■ DESCRIPTION OF THE TASK ■
An exact transcript is required of the lines below, from the one containing "Pan rallado de" through the very last; leave every picture out of it.

━━━━

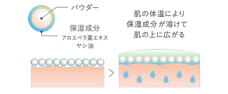 肌の上で保湿成分が解けて広がることで、乾燥しにくいしっとりとした肌を保ちます。
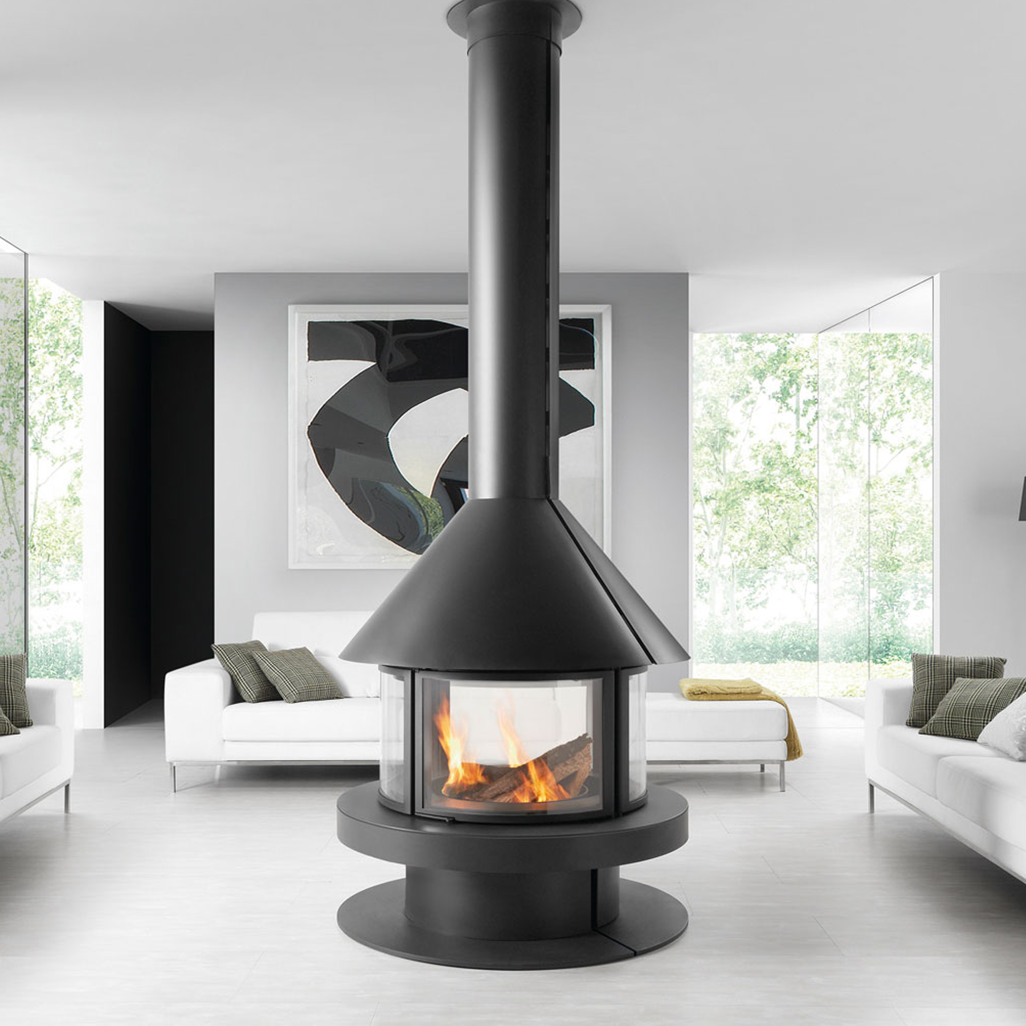 Металлический камин на дровах
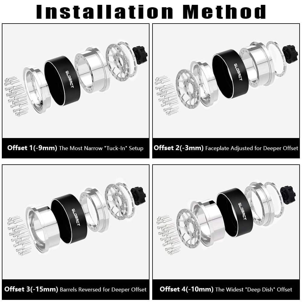 Globact Aluminum 1.9 Beadlock Wheel Rims Adjustable Offsets For Trx4 Trx6 Axial Scx10 Redcat Gen7 Gen8 Rc4Wd D90 1/10 Rc Crawler
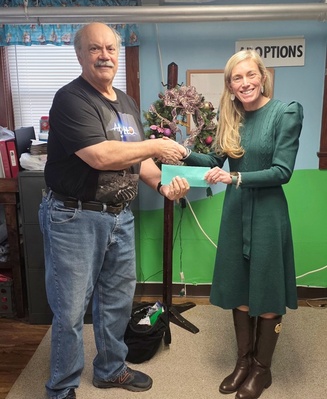 | The Covington Ruritan Club has made a donation to the Christmas Mother Program. Pictured here is Kevin Hanna of the Ruritans (left) and Rachael Thompson, Christmas Mother.
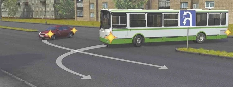 2. Уступите дорогу легковому автомобилю, осуществляющему разворот.
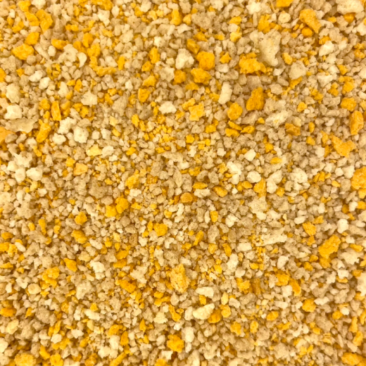 Pan rallado de granulometría gruesa, de color tostado, muy crujiente, ideal para elaborar Nuggets, filetes empanados, cachopos de ternera y pollo, etc.
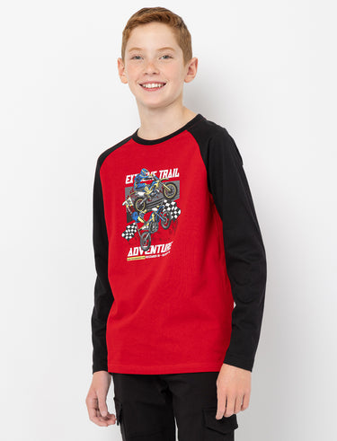 Give your child a modern and energetic look with this two-tone long sleeve t-shirt. With its comfortable fit and contrast sleeves, it’s the perfect piece for moving freely while staying stylish.
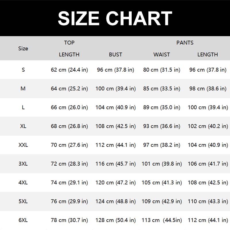 Größen: S, M, L, XL, XXL, XXXL, XXXXL, 5XL, 6XL
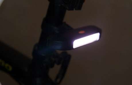 Конструктивно фонарь представляет собой пластиковый корпус с узкой светодиодной COB панелью, прорезиненной кнопкой переключения режимов работы, разъёмом, позволяющим устанавливать фонарь горизонтально или вертикально и, собственно, крепления на подседельный штырь– выполненного в виде резинового ремешка с перфорацией и крючком. Шарнир на ремешке позволяет фиксировать фонарь в пяти положениях: центральном и по два вверх-вниз от центрального – удобно для регулировки угла наклона. Фиксация плотная, положение фонаря не должно меняться даже на весьма ухабистой дороге. Питание от двух элементов типоразмера ААА - это было ещё одним решающим фактором (наряду с малым весом прибора – около 40 граммов), поскольку недостатка в аккумуляторах я не испытываю, скорее избыток, поскольку купил и протестировал несколько десятков аккумуляторов разных производителей (см. мой тест аккумуляторов и зарядных устройств).
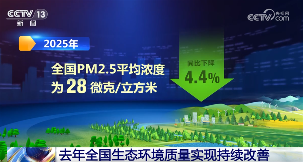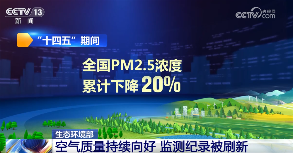 全国PM2.5平均浓度为28微克/立方米,同比下降4.4%;优良天数比例达到89.3%,同比上升1.9个百分点。“十四五”期间,全国PM2.5浓度累计下降20%,优良天数比例创有监测纪录以来最好水平,重污染天数减少25%。
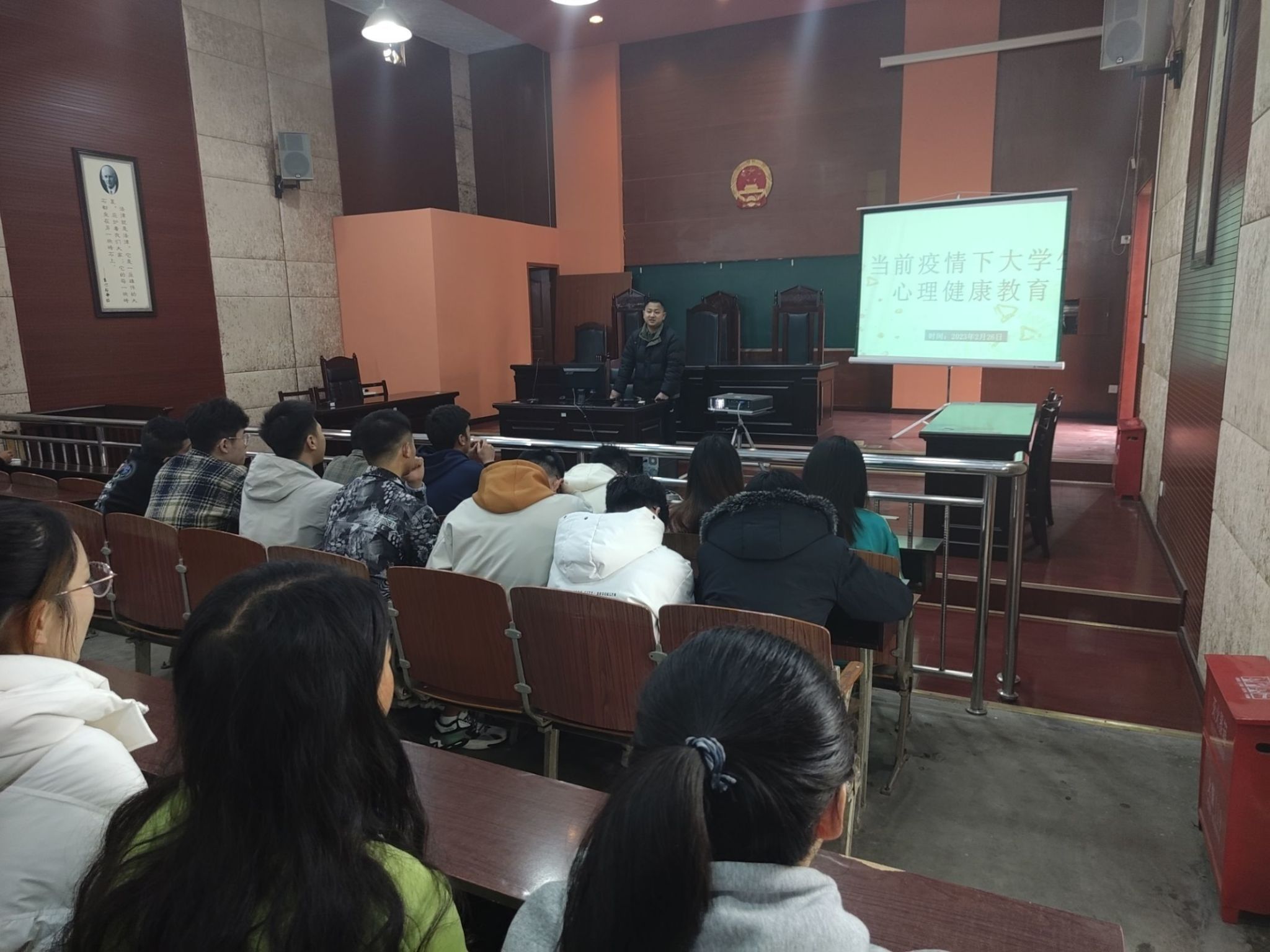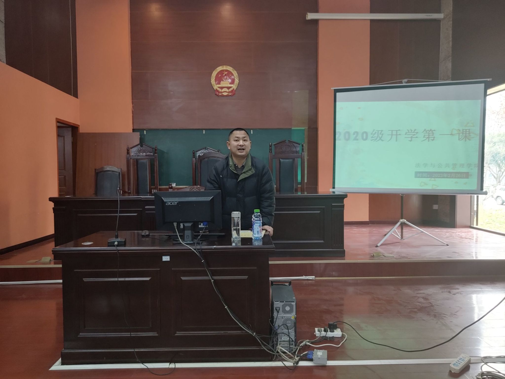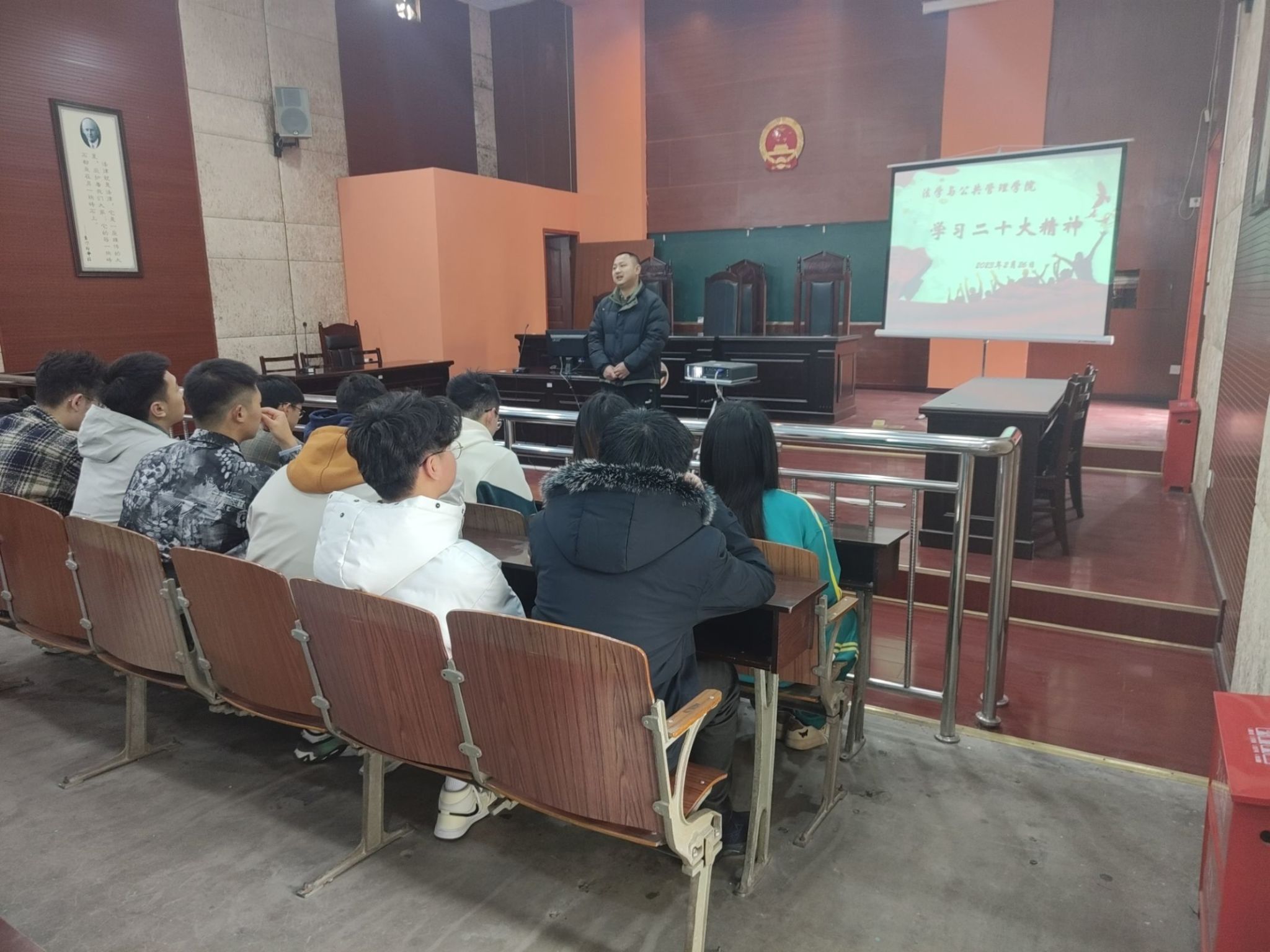本网讯(文/杨兵 图/叶烩)为了让同学们更快地适应新学期,开始新征程。法学与公共管理学院各年级分别于2023年2月26日-3月2日,在博雅楼模拟法庭等教室开展了“开学第一课”活动,各年级辅导员及全院学生参加了本次活动。
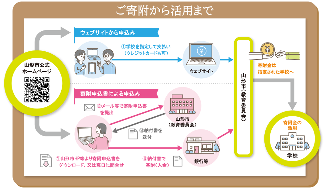 母校などのマイスクールを応援したいという方の中には、山形市内に在住していない方も多くいます。そのような方々でも、気軽にいつでも寄附ができる取り組みとして、ウェブを活用した寄附の受付を期間限定で実施しました。(令和7年6月6日~9月3日)

━━━━

■ RESULT ■
 Pan rallado de granulometría gruesa, de color tostado, muy crujiente, ideal para elaborar Nuggets, filetes empanados, cachopos de ternera y pollo, etc.
 Give your child a modern and energetic look with this two-tone long sleeve t-shirt. With its comfortable fit and contrast sleeves, it’s the perfect piece for moving freely while staying stylish.
 Größen: S, M, L, XL, XXL, XXXL, XXXXL, 5XL, 6XL
 Конструктивно фонарь представляет собой пластиковый корпус с узкой светодиодной COB панелью, прорезиненной кнопкой переключения режимов работы, разъёмом, позволяющим устанавливать фонарь горизонтально или вертикально и, собственно, крепления на подседельный штырь– выполненного в виде резинового ремешка с перфорацией и крючком. Шарнир на ремешке позволяет фиксировать фонарь в пяти положениях: центральном и по два вверх-вниз от центрального – удобно для регулировки угла наклона. Фиксация плотная, положение фонаря не должно меняться даже на весьма ухабистой дороге. Питание от двух элементов типоразмера ААА - это было ещё одним решающим фактором (наряду с малым весом прибора – около 40 граммов), поскольку недостатка в аккумуляторах я не испытываю, скорее избыток, поскольку купил и протестировал несколько десятков аккумуляторов разных производителей (см. мой тест аккумуляторов и зарядных устройств).
 全国PM2.5平均浓度为28微克/立方米,同比下降4.4%;优良天数比例达到89.3%,同比上升1.9个百分点。“十四五”期间,全国PM2.5浓度累计下降20%,优良天数比例创有监测纪录以来最好水平,重污染天数减少25%。
本网讯(文/杨兵 图/叶烩)为了让同学们更快地适应新学期,开始新征程。法学与公共管理学院各年级分别于2023年2月26日-3月2日,在博雅楼模拟法庭等教室开展了“开学第一课”活动,各年级辅导员及全院学生参加了本次活动。
 母校などのマイスクールを応援したいという方の中には、山形市内に在住していない方も多くいます。そのような方々でも、気軽にいつでも寄附ができる取り組みとして、ウェブを活用した寄附の受付を期間限定で実施しました。(令和7年6月6日~9月3日)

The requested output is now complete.